For 5th kyu through 2nd kyu we have a list of techniques to perform. These are not real long tests either and take around 20 minutes for the nage to complete. I don't remember my 5th kyu test that much. I just remember learning the techniques and demonstrating them. Now my 4th kyu test stamina-wise was the hardest. I was really out of shape at the time and I was partnered with another test taker which means I would both "nage" and "uke". Well, fortunately I got to be nage first, but as uke -- I couldn't finish because I was close to passing out, and they had to switch ukes. Pretty embarrasing. I was told to "work on your stamina" after that test, which meant lose weight in my case.
With my 3rd kyu test, I got an uke who I really wasn't familiar with and his ukemi was really different. He would attack so hard I'd evade and he would just just fall over. Fine for effectiveness but not fine for demonstrating the techniques. I had to really slow down my throws so I could control him. As a result my test wasn't the "prettiest" but as Penny said it was "good" in that I didn't freak out, as some people would, and that I demonstrated control over my uke. Sometimes your test is as much as how well you respond to your uke as you perform your techniques because you don't always get your favorite uke that might make you look good.
My 2nd kyu test was fun. I was in shape by this time and got to do randori (2 person) on my test for the first time. I was really thankful for all that jiyuwaza I did for the past few years the randori just flowed although it wasn't perfect, but was evading people and throwing them into the other attacker. I wasn't intentionally doing that -- I just did. Nice to know that all that training has been ingrained into my body memory.

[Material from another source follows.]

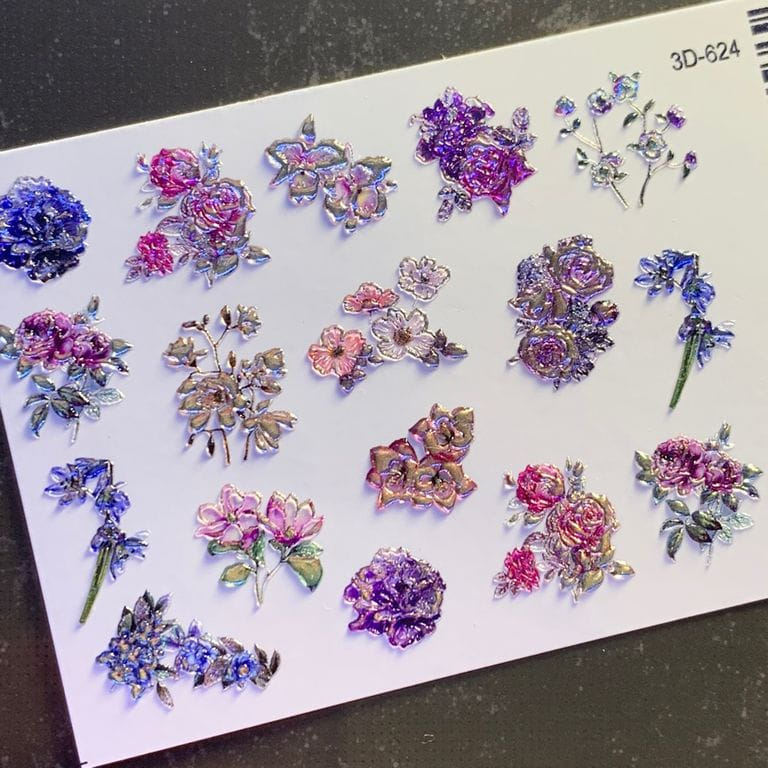 ANNA TKACHEVA Water decal 3D Crystal HT3D624, 1 pz. Istruzioni per l'uso: 1. Effettuare una preparazione standard della lamina ungueale.2. Selezionare il modello appropriato, tagliare l'immagine alla dimensione dell'unghia. 3. Applicare la base,polimerizzare. Applicare uno strato sottile del semipermanente bianco, se richiesto dal design del water decal. Polimerizzare. 4. Applicare uno strato sottile della base. Non polimerizzare. 5. Mettere il water decal su un disco di cotone inumidito con acqua calda (non fredda!) Per circa 10-15 secondi. Spostarlo trasferendo la pellicola sull'unghia. Raddrizzare la pellicola, tirando leggermente verso l'alto il bordo libero. Distendere con cura le pieghe, estraendo i resti di aria e acqua con un panno morbido, un pennello piatto o con le dita. Polimerizzare a tempo pieno. (UV - 2 min, led -30-60 sec). 6. Utilizzando la lima fine, dall'alto verso il basso, rimuovere delicatamente la pellicola in eccesso dal bordo libero dell'unghia. 7. Coprire 2 volte con il top coat, ben sigillando il bordo libero.

Now, I'm approaching my 1st kyu test, and that will be different because we don't have a list of techniques to memorize rather you do jiyuwaza (in our dojo that is more like a controlled randori where one attack is called and you perform a variety of techniques). I have to perform at least 5 techniques demonstrating variety of openings and variations. I just can't repeat the same 5 over and over again with each attack. Also we do suwari waza, handmi handachi, tanto tori and a 3 person randori. The 1st kyu test can take anywhere from 20-40 minutes depending on sensei's mood that day. 1st kyu for me will be the longest test, and it will probably my hardest test not test anxiety-wise but just personal expectation-wise.